Caba hizo un llamado a las autoridades y a la sociedad civil para proteger Senasa, evitando que se convierta en un botín político y económico. Insistió en la importancia de fortalecer las unidades de atención primaria para garantizar acceso cercano y eficiente a la población.

Finalmente, el expresidente del Colegio Médico afirmó que la corrupción y la privatización han socavado la misión de Senasa.

“Hay que mantenerlo público, focalizado en los pobres y subsidiado por los empleados, porque su objetivo no es lucrar, sino proteger la salud de la gente”.

Fraude millonario

El estatal Seguro Nacional de Salud (Senasa), administradora de riesgos de salud más grande del país con más de siete millones de afiliados y millones de autorizaciones al año, fue escenario de un entramado que drenaba sus fondos a través de fraudes diversos ejecutados de forma simultánea. La crisis financiera que provocaron estas maniobras encendió las alarmas.

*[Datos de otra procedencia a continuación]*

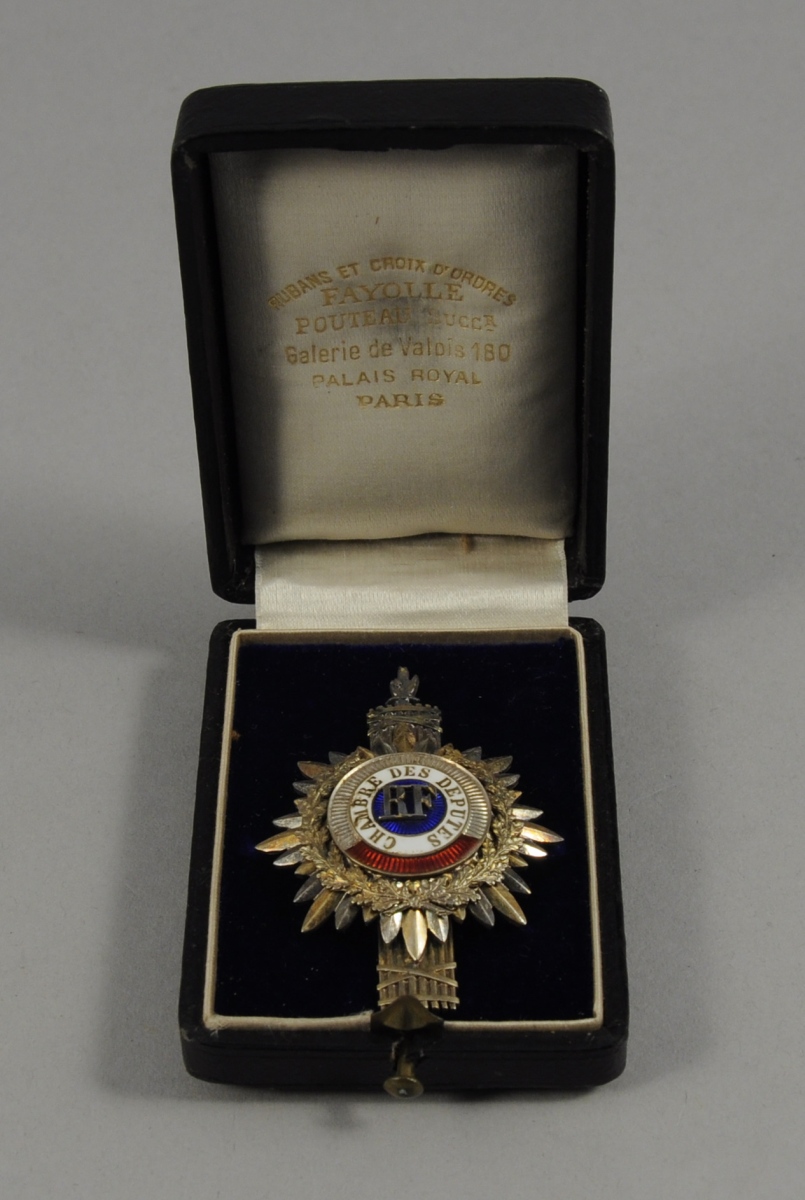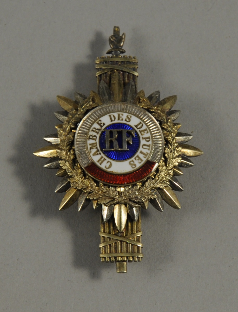 FRANCE. CHAMBRES DES DEPUTES. Baromètre député, en argent et émail. IIIème République. Dans sa boîte, signée Fayolle, Paris.

Un call center paralelo para autorizar procedimientos inexistentes, pagos exprés a proveedores, una contratación anulada por Contrataciones Públicas, un “salvavidas” financiero del Consejo Nacional de la Seguridad Social (CNSS) y fraudes en las autorizaciones de medicamentos por parte de al menos una empresa farmacéutica son las líneas de investigación que expuso la Unidad Antifraude del Gobierno en relación al caso.

Fraude con medicamentos

En paralelo, otro esquema drenaba las finanzas de Senasa: al menos una importante cadena de farmacias hacía reportes falsos de ventas de medicamentos usando la data de afiliados que ni se enteraban.
Esa farmacia sustraía hasta tres mil pesos de afiliados que no habían agotado su cuota anual de 12 mil pesos para medicamentos asignados por el Seguro Familiar de Salud.

La empresa identificaba a los afiliados cuya fecha de consumo estaba a punto de expirar y les descontaba montos para evitar que se dieran cuenta. Esto aprovechaba la disposición de que cada afiliado tiene derecho a consumir hasta 12 mil pesos en medicamentos recetados al año, pero que no son acumulativos y reinician cada calendario.

Queja de afiliado. 

Conoció el caso de un afiliado que detectó un consumo ficticio de RD$1,817.00 y al reclamar en la farmacia fue contactado por un empleado que le propuso reembolsarle el consumo, adicionarle cinco mil pesos en efectivo y facilitarle los medicamentos recetados de por vida.